The Myth of Czech “Democracy”
By Erich Posselt

Herr Hitler's reclamation of Austria has brought Czechoslovakia onto the front pages. The newspaper correspondents of Europe are now burning the cables with stories of how Czechoslovakia, the "democratic bulwark of the Continent", is threatened with an imminent Nazi coup; of how France and Russia are prepared to fight to protect Czechoslovakia's menaced citizens; of how the seizure of the Czechoslovakian "democracy by Germany would spell the doom of European progressivism for generations to come. The stories, as well as the scribbles of our American commentators imply that the fate of the world is now hanging precariously upon the jagged mountain peaks which form a bulwark between "brave little democratic Czechoslovakia" and her saber-rattling Boche neighbor.
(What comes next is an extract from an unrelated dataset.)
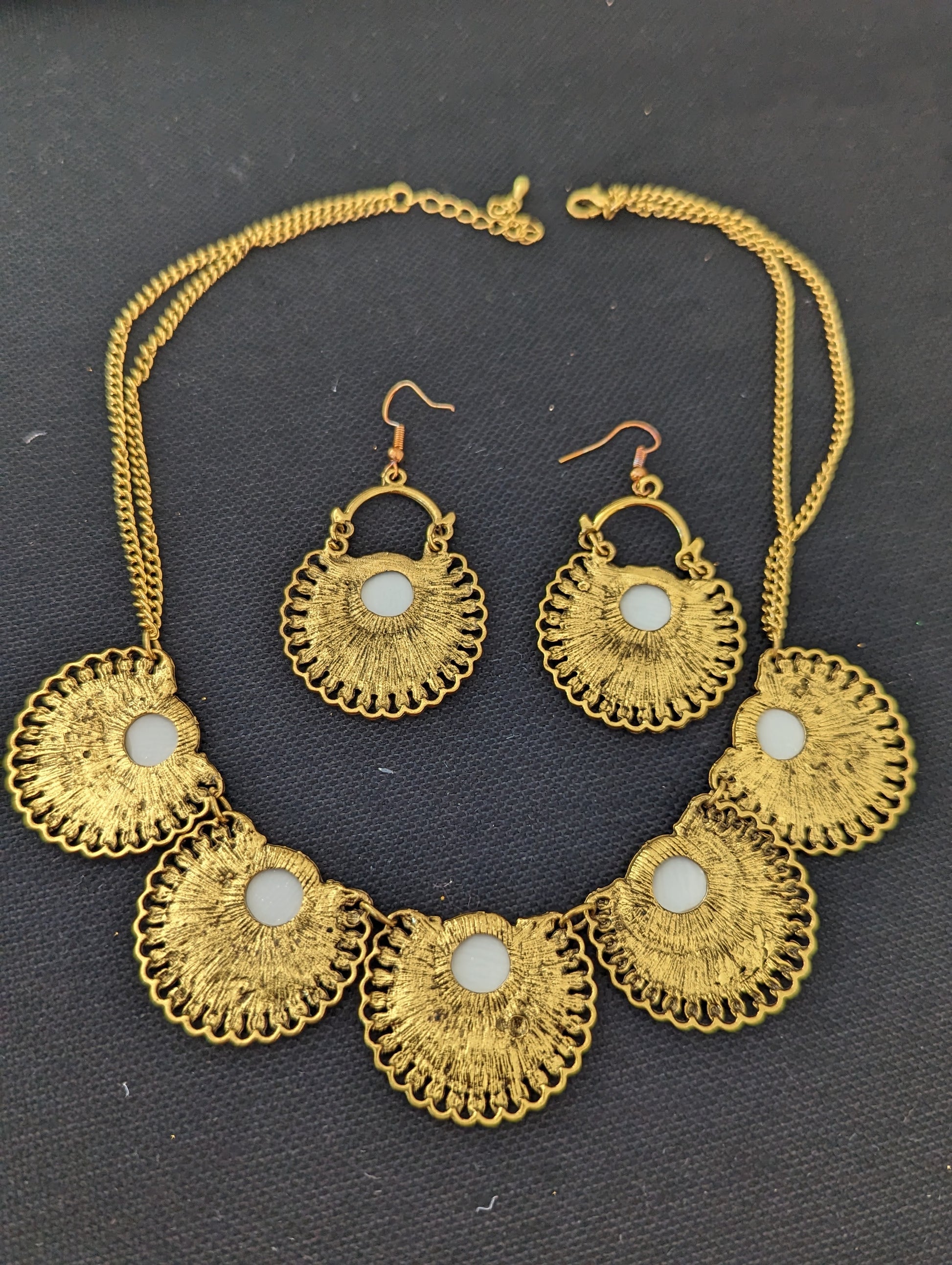 Antique gold mirror chain necklace and earring set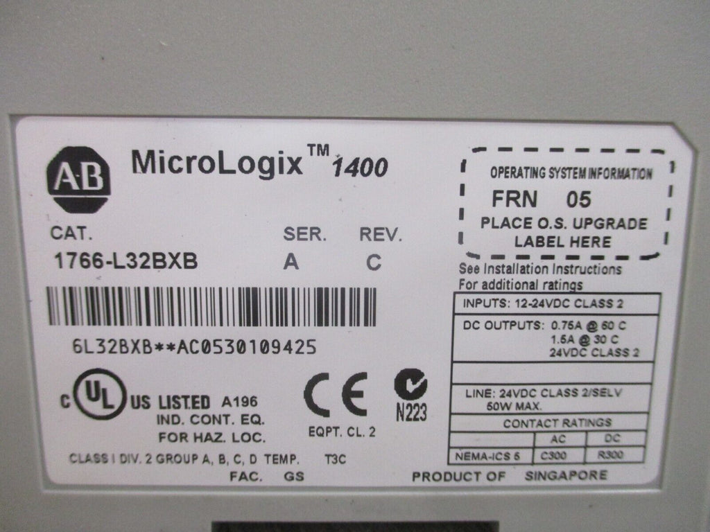 Allen-Bradley MicroLogix 1400 Controller 1766-L32BXB Ser. A Rev. C FRN. 05 Used

But an examination of such assertions will reveal that they are larded with historical mis-statements, with political pleading of the familiar Left persuasion, and outright lying propaganda.

It may be said at once (a) that the very name of the Czechoslovakian Republic is a lie, if by republic is meant a free popular government in which there are no classes having exclusive political privileges; (b) that there is no such group, ethnologically speaking, as the Czechoslovakian people; (c) that the democratic promises made by the "Republic's" founders to the Allied powers in 1919 were made in brazen foreknowledge that they would not be kept; (d) that hundreds of thousands of persons in this "democratic" nation are now faced with actual starvation; and (e) that 3,500,000 Sudeten-Germans are doomed to extinction. Only today, twenty years after the formation of the Czech "Republic", is the outside world permitted occasionally to glimpse a desperate situation there, and to realize that 3,500,000 men, women, and children cannot be enslaved or eliminated without payment by Europe of a heavy penalty in blood.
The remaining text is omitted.